59 in June... hard to believe I even made it this far.
Perhaps being born in 'The Year of the Tiger' gave me nine lives. I recall an incident in my 'high school daze' where some rich kid in the Coronado Shores invited a bunch of us to party at the family flat, which was on the 9th floor of that particular building. His parents were out of town, of course. I didn't like the guy very much, but I figured WTF, unlimited free alcohol. We went down there and drank a truckload of booze, and several of us weren't satisfied with the view from the balcony, so we climbed out on the unprotected ledge and roamed around. The ledge was 3' to 4' wide, slick concrete with a beveled edge, nothing to grab if one slipped & fell...

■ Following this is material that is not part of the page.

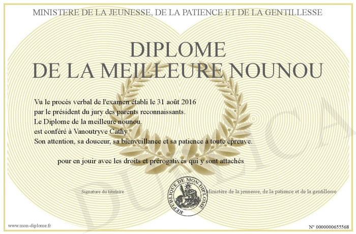 • Diplôme de la meilleure nounou

The following day, a good friend of mine told me I had been running on that ledge while hammered. I think back to that night, and it would've been so easy for my life to end right there... one slip, a 9-story fall, and yours truly splattered like a melon all over the terrace below. Learning about that incident scared me: I had no recollection of running on the ledge because I was wasted, but I knew how dangerous it could be, so I never went to that flat again. I'm not scared of heights either, I'm actually pretty comfortable, but that sort of drunken behavior is SO dangerous... I'm pretty sure I used up one of my nine lives on that night.
On a similar note, we lost one of our classmates when he fell from the Bay Bridge... all of us used to climb around the chain-link fence collar on the service catwalk underneath the bridge, and make our way out to the center of the span to party and check out the views. One crazy fool even rode his motorcycle on the catwalk before bridge workers started locking the gate, a dirt bike small enough to fit between the railings. That was some crazy $h!t. But that dude who died, he fell from the chain-link collar, which wasn't even over water yet, so he fell onto some rip-rap boulders near the base of the 2nd pier. It was only a drop of 40' or so, but that's all it takes when you're falling onto jagged rock. Nowadays, there's greater security on the bridge... post-9/11.